You have suffered enough. Now it is my turn to pay and yours to receive compensation. You won’t refuse, will you? I shall undertake to be your messiah. To bring you out of slavery to freedom and from poverty to great wealth. As it is written in your holy books, Thy seed shall rise up and inherit the gate of his enemies.
Set your mind at rest, Marcel: your wife is faithful to you. No nocturnal sorties and no deathbed coitus. Except in the imaginations of the three of us. Where neither tanks nor Sparks of Redemption can penetrate. Even your little daughter does not forget you: she has just come into my room and decided to promote my electric shaver to the rank of telephone (which we don’t have here) and uses it to report to you in half-hour calls to Jerusalem on the development of her relationship with the goats, the geese, and the peacock. Have I already mentioned that Boaz has found her a tortoise?
I shall conclude, dear sir. Never fear. Cain is dying and Abel will inherit. It is not only in Hawaii that right wins out in the end. Your old theological question, how long will the wicked rejoice, receives in the case before us a simple concrete answer: until September or October. At the very latest—December.
And then, as it is written in your scriptures, “Man and beast shall be saved, and thou shalt make them drink of the stream of thy delights.”
I have no telephone in this house, and therefore, to make sure you do not get up in the meantime and run off to Hawaii, I have asked Boaz to jump on his bicycle and call a taxi from Zikhron. For forty or fifty dollars (how much is that nowadays in Israeli pounds?) the driver will surely agree to take this letter straight to your home in Jerusalem and hand it to you the moment the Sabbath ends. I am a little tired, Michel. And there is some pain. So I shall conclude here. Enough. The taxi driver will have instructions to wait until you have written me a reply and bring it straight back to me tonight. What I am asking of you is this: Do you still insist on your right to have the two of them back at once? If so, I shall send them tomorrow morning and that’s that.
On the other hand, if you agree to leave them here a little longer, you receive half my inheritance. And you also receive the bonus of a first-rate good deed. Think fast and decide. I shall be waiting for your reply via the taxi driver tonight.
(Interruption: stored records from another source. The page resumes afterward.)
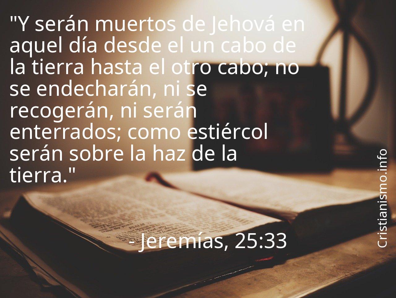 Es muy recomendable tener continuamente presente el versículo Jeremías, 25:33 de La Santa Biblia con el objetivo de analizarlo y pensar acerca de él.Probablemente sería adecuado preguntarse ¿Qué trataba de manifestarnos Dios, Creador del Cielo y de la Tierra con el versículo Jeremías, 25:33? ¿En qué coyunturas de nuestra vida diaria podemos hacer valer lo que hemos alcanzado a saber gracias al versículo Jeremías, 25:33 de la Santa Biblia?
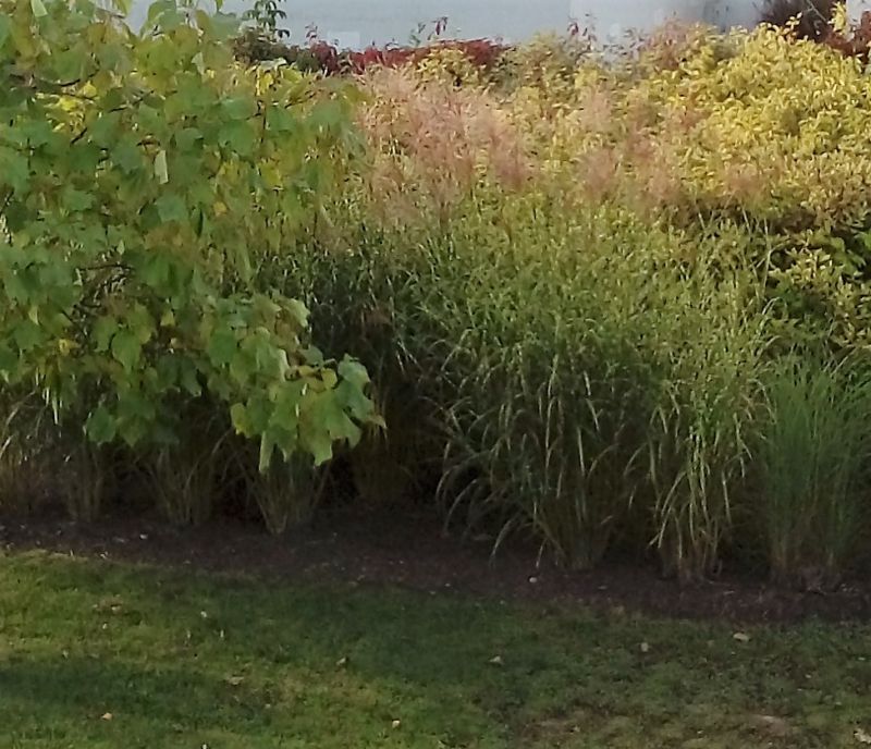 Poniżej związane palczatki miotlaste, które często już jesienią się pokładają, ale problem ten występuje np. u pros, czy trzęślic, miskanty raczej sobie radzą :)
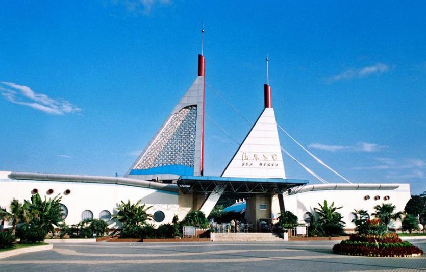 科教馆:建筑面积1100㎡,包括有科教室、生物进化展厅、海洋动物展厅和海洋贝壳展厅四个部分。有图文并茂与实物标本、模型相结合的科普知识走廊,以电脑、投影等电教设备开展科普知识课堂。游客在这里可以获得丰富的海洋生物、生态学和环境保护知识和信息。
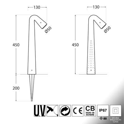 Fornito con una lampadina LED G9 di alta qualità, certificata TÜV-CB, il bollard assicura un'illuminazione duratura ed efficiente. Inoltre, la sua classe di isolamento II garantisce un alto livello di sicurezza.
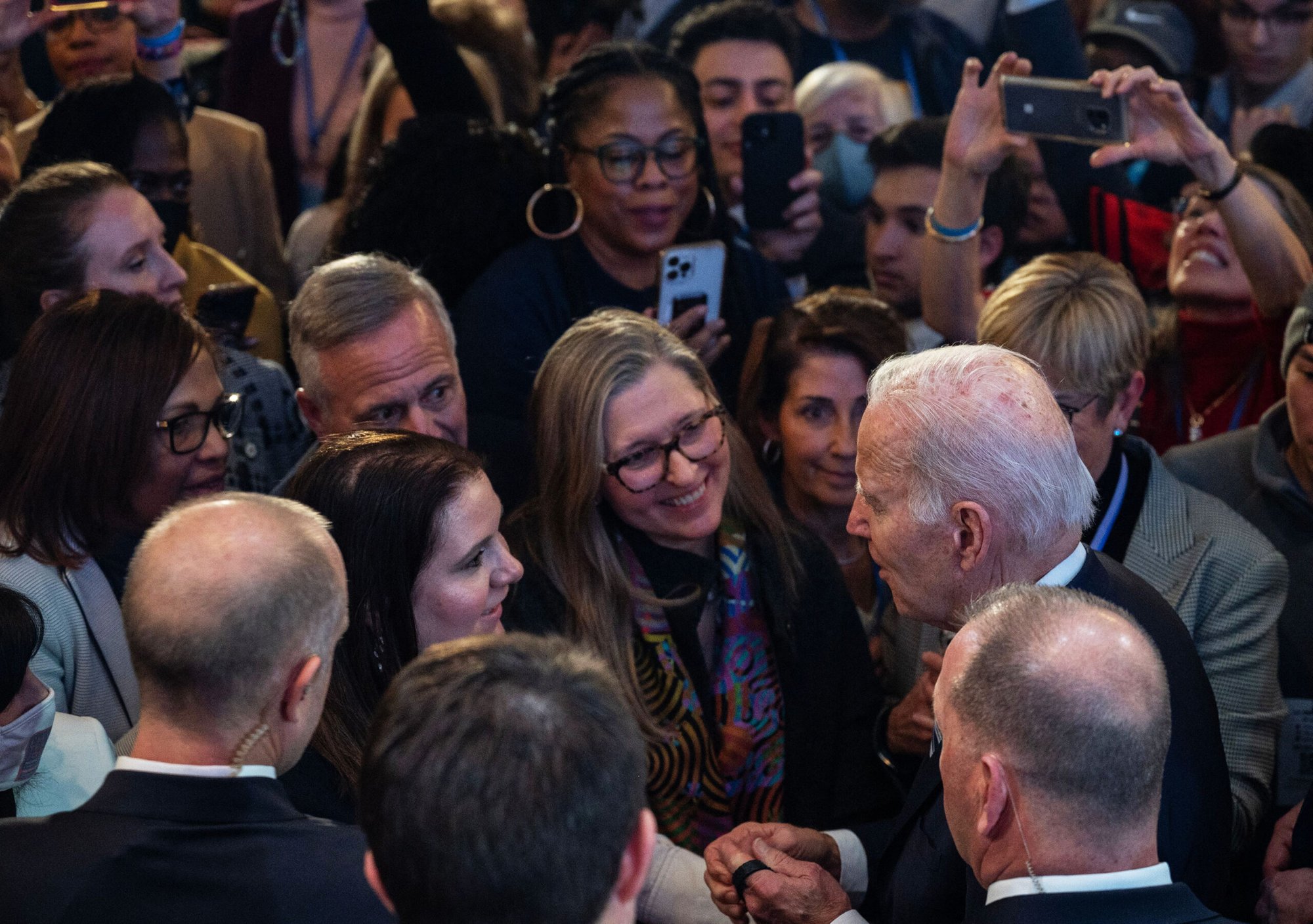 And then, in this atmosphere, Biden talked about protecting democracy. “For the last few years our democracy has been threatened, attacked, and put at risk,” he said. “Put to the test here, in this very room, on January 6th.”
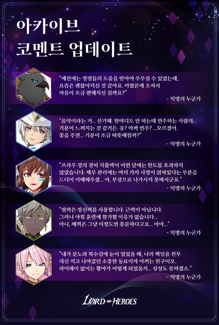 * 영웅 코멘트는 [아카이브 > 영웅] 에서 확인하실 수 있습니다.
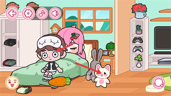 4、切換至臥室場景,可看到角色與玩偶等元素,移動角色或場景物品能觸發互動效果,同時界面還設有表情、裝飾等功能按鈕,適配多樣玩法。
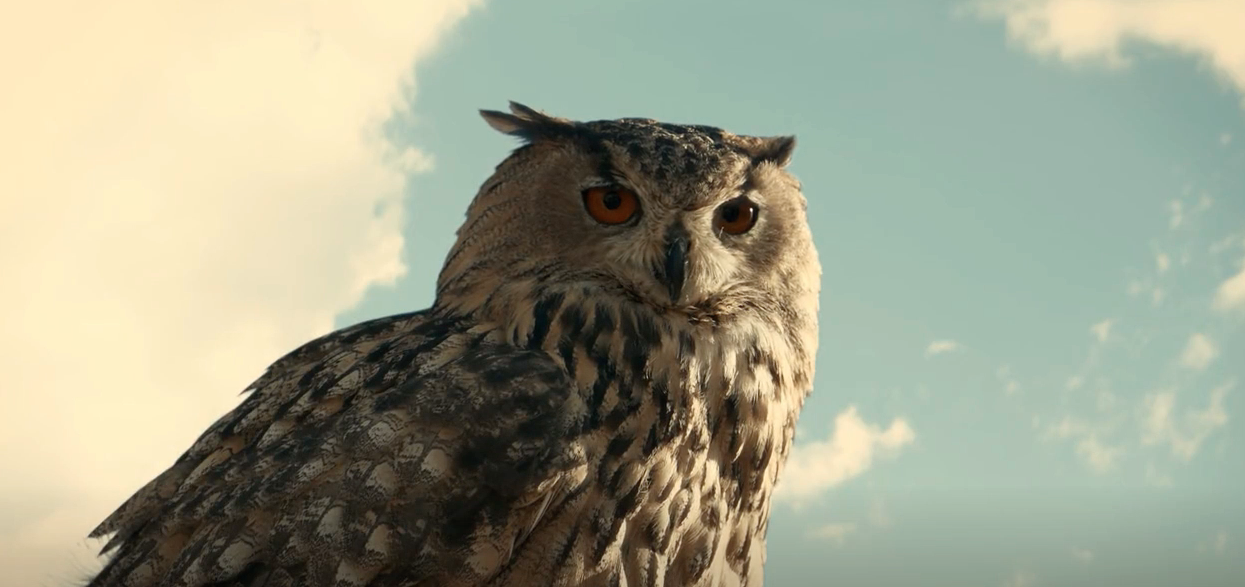 Notice how the murderer notices the owl flying away.
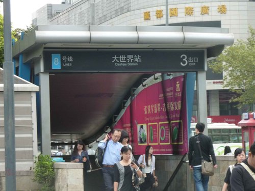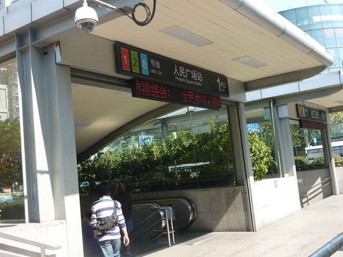 人民廣場站 1 號出口 (往延安路方向) > 過天橋 (下右轉人行道) >

Take good care of yourself, chum. Don’t learn anything from me.
A. G.
***
Mr. A. Gideon
Gideon House
Zikhron Yaakov
By the Grace of G-d
Jerusalem
Conclusion of the Holy Sabbath
9th of Elul, 5736 (4.9.76)
To be delivered personally by special messenger
Mr. Gideon,
By the driver you sent, who is kindly waiting here in my home drinking a cup of coffee, I am returning to you a few lines in reply to your letter of this morning. First of all I must ask you to pardon and forgive me for the harsh and unnecessary insults I cast at you in my letter of two days ago, not knowing you were unfortunately desperately ill and in fact on your deathbed. It is written in our texts, “A man should not be blamed for words spoken in grief,” and when I wrote to you I was in the grip of a very great grief.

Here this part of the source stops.